We walked three times a day. We hung out at the café. I took him surfing. I sometimes brought him to class. I cooked us steaks. I shucked us oysters. Buddy and me, doing whatever the fuck we wanted whenever the fuck, hanging around, getting down, listening to the Stones, swilling Wild Turkey, chowing Iams, just a couple of dogs living the good life.
Sheila could live with that version of me. She could live with my not having anyone special other than Buddy. It salved the sting of my ending things. I was more than happy to oblige her. I was hell-bent on staying single, until I met Sara. Then from the proverbial nowhere, my libido wanted to play for realsies. No more unpaid rehearsals. My hormones wanted true, biological happiness. Nietzsche defines happiness as the feeling of power growing. Marx argues that a living thing seeks above all to discharge its strength. In the classroom, I’d spewed these quotes into the unfertile minds of business majors. After spending my first twenty-four hours with Sara, I finally understood them in a useful context.
I fell in love with her physiologically, but also emotionally, mentally, chemically, and physically. I fell in love with her every which way. We’d been friends some eighteen years prior and had recently reconnected via Facebook. Our first date was her sister’s wedding in Kansas City. We each flew halfway across the country. I landed Friday night September 20th, and knew by 5pm Saturday. Sara knew by Monday morning. We wanted to spend the last half of our lives together. We wanted to marry and have kids. Two months later, I bought her a ring before my divorce was even finalized. Understandably, this rubbed Sheila the wrong way. She’d wasted her entire adult life on me. No money. No children. Nothing to show. She was forty years-old, living with her mother, and that was slightly more than half my fault.

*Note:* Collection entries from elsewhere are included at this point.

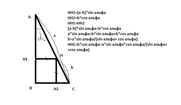 Теперь надо выразить это НН1 через а и ∠α. Н делит гипотенузу на две части b и a-b, выражу b через а...-второй рисунок
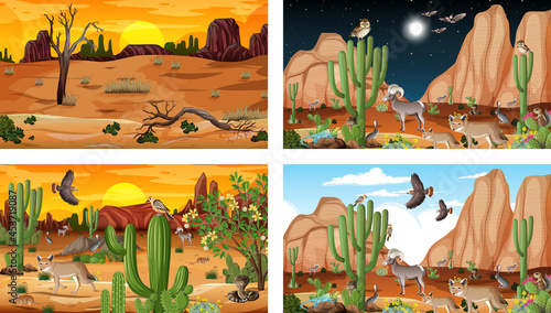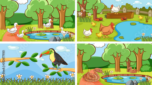 Сцена лесного пожара. Испуганные бегущие животные, сгоревшие деревья и пожарный, пытающийся остановить вспышку пламени. Концепция стихийного бедствия природного или техногенного характера
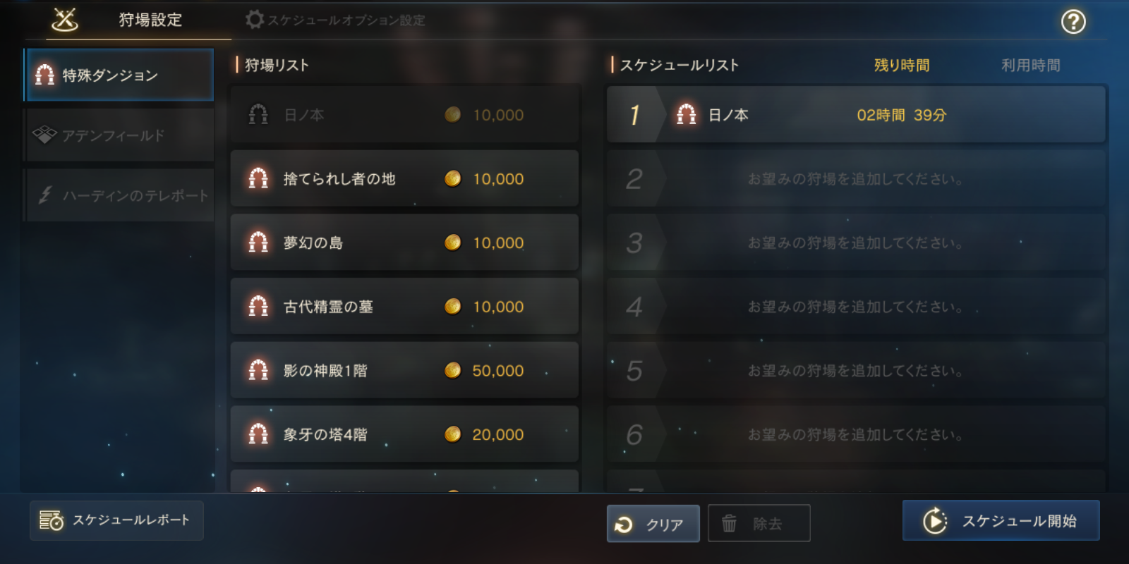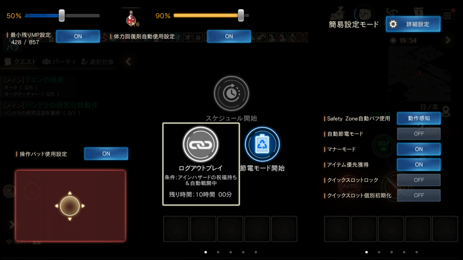 スケジュール機能は、予め「一括保管/一括売却/一括購入」設定を行ってから実行すると、端末を起動しておける状態であれば長時間狩りを自動で行うことが可能です。
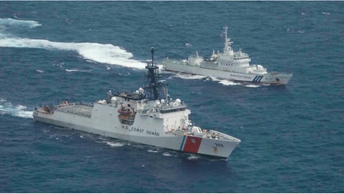 Ảnh do lực lượng tuần duyên Mỹ cung cấp : Tàu tuần duyên của Mỹ và Nhật Bản diễn tập trong vùng Biển Đông ngày 25/08/2021. © U.S. Coast Guard via AP
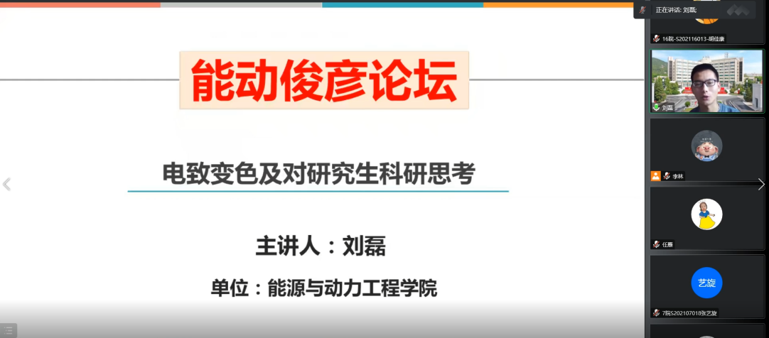 于2022年12月3日下午15:00在线上举办了以“电致变色及对研究生科研思考”为主题的俊彦讲坛,来自各巨乳做爱的300余名研究生在线聆听了此次讲座。本次讲坛邀请到巨乳做爱

Come December, I dumped Buddy onto Sheila. I asked her to watch him for a few months until I sorted things out in LA, until Sara and I moved out of her small one-bedroom apartment with a no-pets policy. I’d be getting acclimated, starting a new job. It was unrealistic to bring Buddy. He was used to a certain lifestyle. He was used to open space and lots of attention. He’d be miserable in Sara’s apartment, getting minimal walks in a congested city. Sheila lived on six acres of woods surrounded by another hundred acres of woods. Her mother’s house had always been Buddy’s second home. He loved it there. He loved Sheila, almost as much as he loved me.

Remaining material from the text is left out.